Show all lines from the data that include the word "Muzeum".

(Beginning of RECORDS FOR PROCESSING)

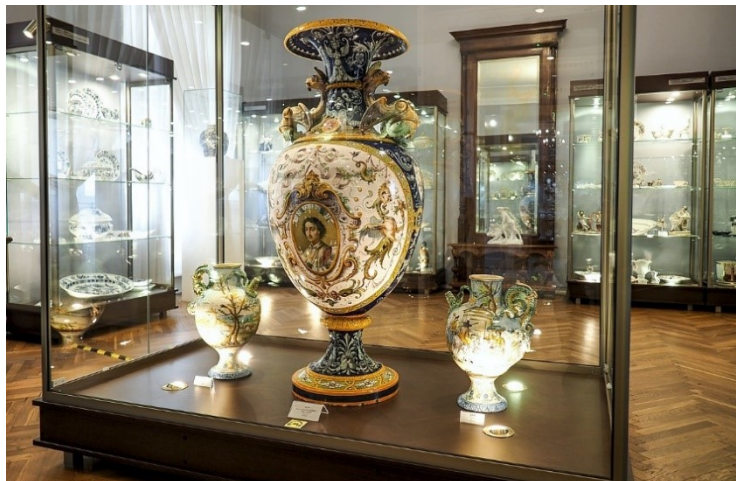
[Muzeum Porcelany]

Muzeum Porcelany założone w 2015 roku w nobliwych murach pałacu Albertich, to jedyne takie muzeum w Polsce. W samym centrum miasta można zobaczyć 10 000 eksponatów. To jedna z najbogatszych kolekcji historycznej porcelany śląskiej.
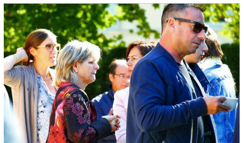
Le temps du café dans le parc du château avant la visite du potager et du verger XIX e ...
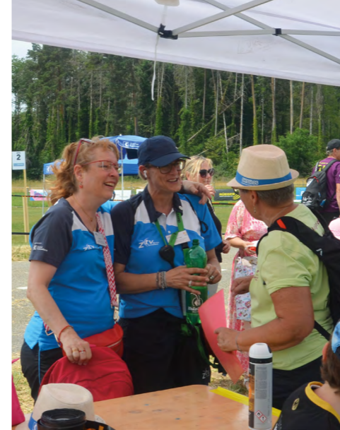
Im Gespräch mit Wettkampfleitung und Richter
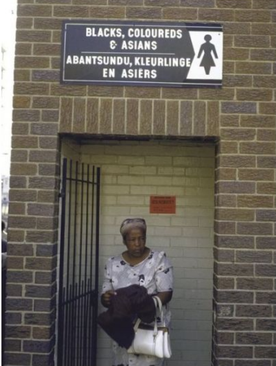
Туалет для черных, цветных и азиатских женщин. 1986 год.
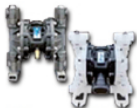
Doble puerta de Entrada y Salida
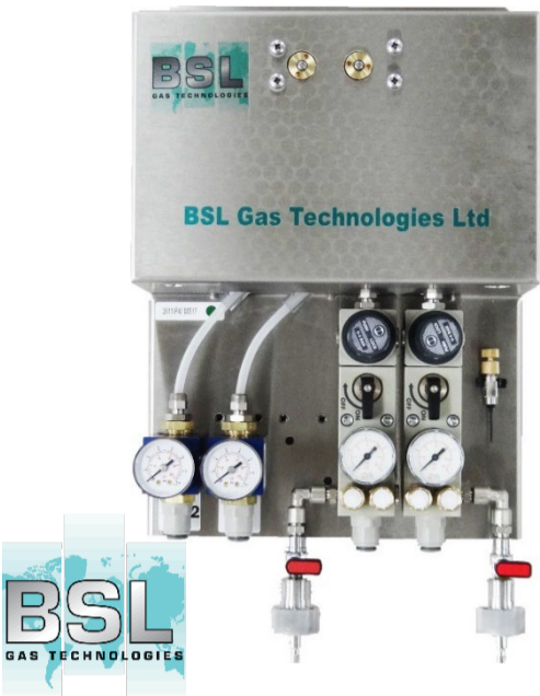
ガスブレンダー (CO 2 ガスと N 2 ガスの混合器)
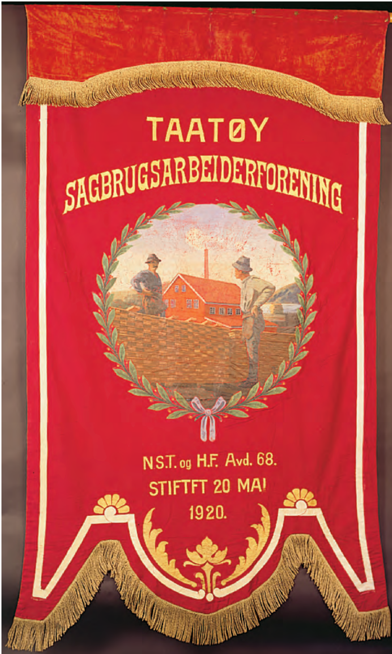
Rundt omkring i landet fantes mange dyktige fanekunstnere. Fanen til Taatøy sagbrugsarbeiderforening er laget av Christian Rasmussen i Kragerø i 1921.
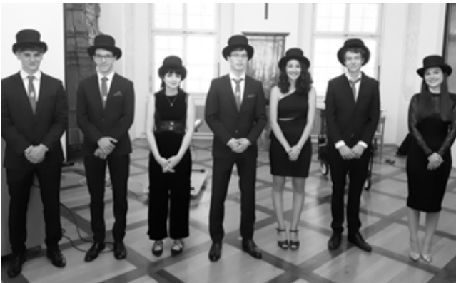
Bei der Notenbekanntgabe am Ende der freiwilligen mündlichen Reifeprüfung

Am 23. Juni fand dann die feierliche Verab-
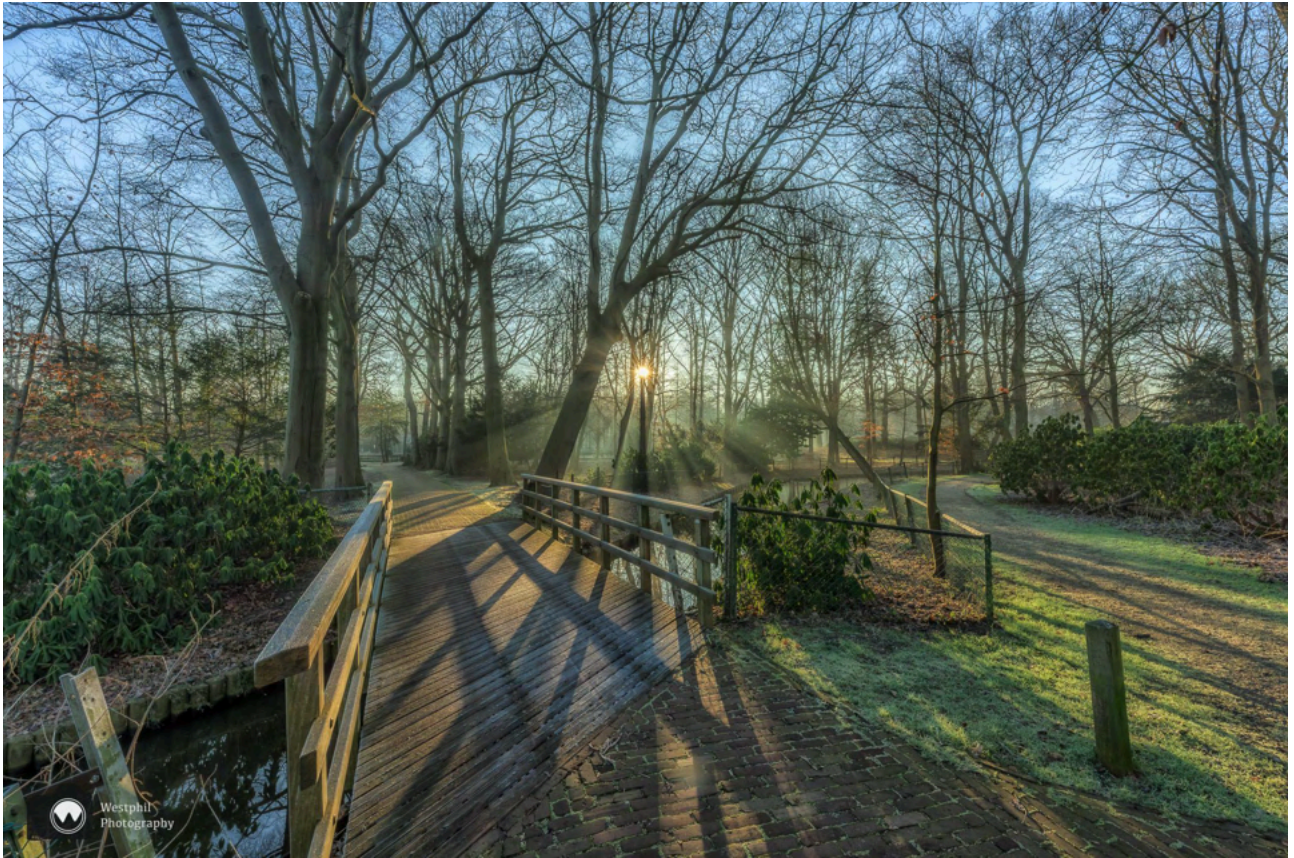
- Mooie zonneharpen. -

Er zwemmen vandaag weinig eenden in de vijver, maar we zien wel bevroren uitgebloeide hortensia's en de eerste sneeuwkllokjes.
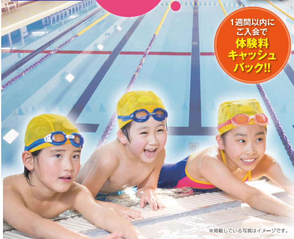
※掲載している写真はイメージです。
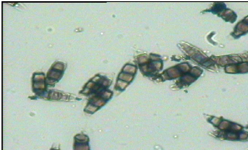
ภาพประกอบภาคผนวก 4 ลักษณะทางสัณฐานวิทยาของ Pestalotia sp.
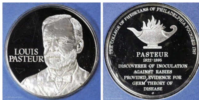
Мал. 17. Луї Пастер. Медаль, США.

Ще одна американська медаль (Ø 39 мм, срібло 925 проби, Franklin mint, 1977) була створена на замовлення Коледжу лікарів Філадельфії до 150-річчя Луї Пастера. На аверсі (мал. 17) показано трохи зміщений праворуч погрудний, повернений на три чверті ліворуч портрет Пастера, ліворуч від нього горизонтальний напис у два рядки: «LOUIS / PASTEUR». На реверсі: лампа, що горить (символізує знання), під нею напис у сім рядків: «PASTEUR / 1822-1895 / DISCOVERER OF INOCULATION / AGAINST RABIES / PROVIDED EVIDENCE FOR / GERM THEORY OF / DISEASE» (ПАСТЕР 1822-1895 ПЕРШО-ВІДКРИВАЧ ВАКЦИНАЦІЇ ПРОТИ СКАЗУ НАДАВ ДОКАЗИ МІКРОБНОЇ ТЕОРІЇ ХВОРОБИ), зверху, по краю, напис: «THE COLLEGE OF PHYSICIANS OF PHILADELPHIA FOUNDED 1787» (КОЛЕДЖ ЛІКАРІВ ФІЛАДЕЛЬФІЇ ЗАСНОВАНО 1787 року).
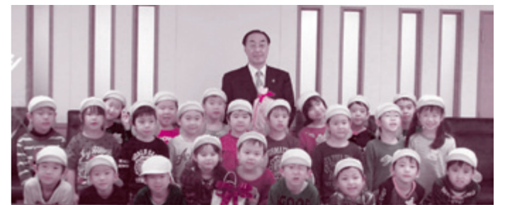
「勤労感謝の日訪問」で風の子保育園の年長さんと一緒に(11月19日)
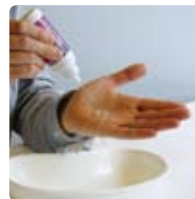
Rinçage de la lentille
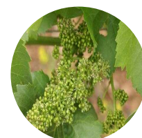
Stade 19: début de floraison
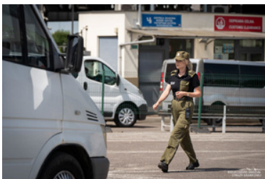
funkcjonariuszka Straży Granicznej idzie w kierunku pojazdów na przejściu granicznym w Medyce
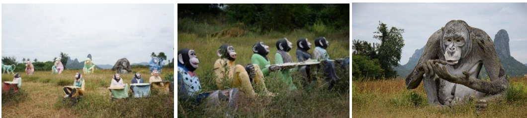
ภาพที่ 5 ภาพประติมากรรมลิงที่บริเวณโรงแรมลพบุรีอินน์รีสอร์ท (อรุณี เจริญทรัพย์, 2566)
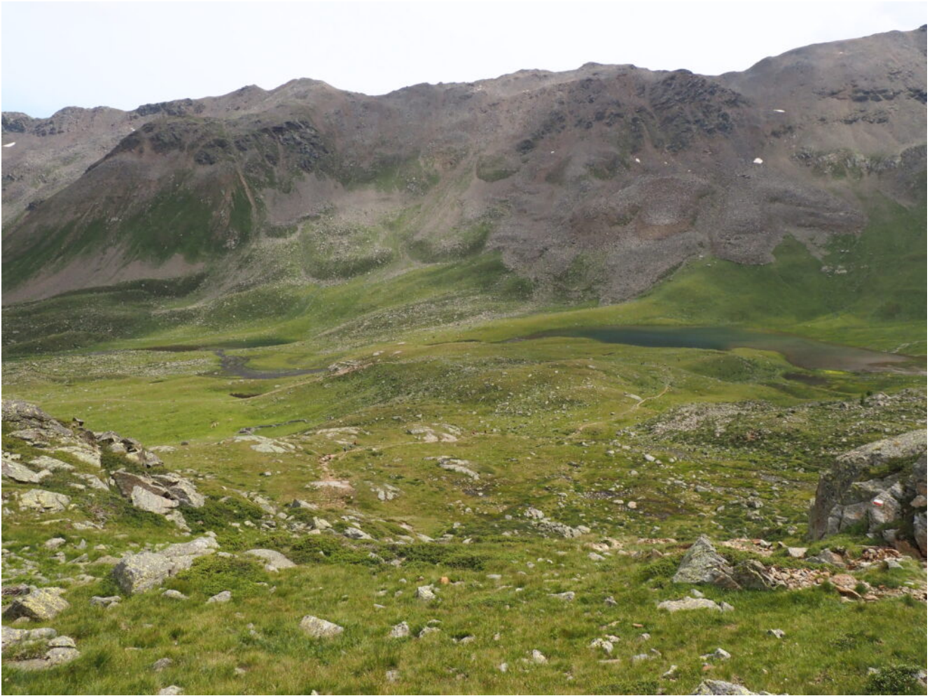
35- Il Lago Lungo e il Lago Lungo Inferiore.
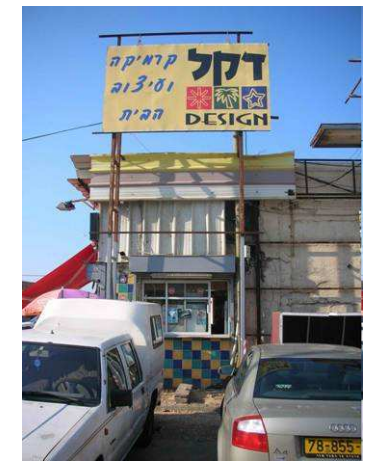
8. מבנה שער – חזית דרומית
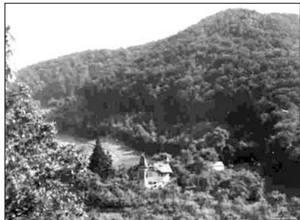
Az Iváncái „Tornyos Ház” (1955)

iváncái „Tornyos Házban”, és a cég Arlói Erdőgazdasága címen szerepelt. A csodálatosan szép környezetet, közepesen az iváncái épülettel, mint egy ékszerdobozzal, a következő fotón mutatom be:
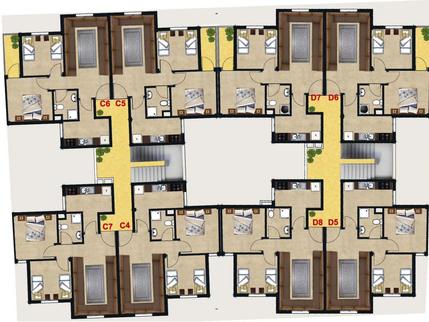
IMM C&D 2EME ETAGE
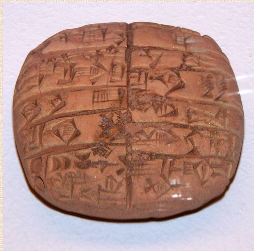
Накладная о выдаче зерна для посева и корма пахотным ослам
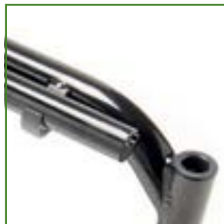
Tubi seduta integrati nel telaio

(End of RECORDS FOR PROCESSING)

- OUTPUT FOR THIS EXERCISE -
[Muzeum Porcelany]
Muzeum Porcelany założone w 2015 roku w nobliwych murach pałacu Albertich, to jedyne takie muzeum w Polsce. W samym centrum miasta można zobaczyć 10 000 eksponatów. To jedna z najbogatszych kolekcji historycznej porcelany śląskiej.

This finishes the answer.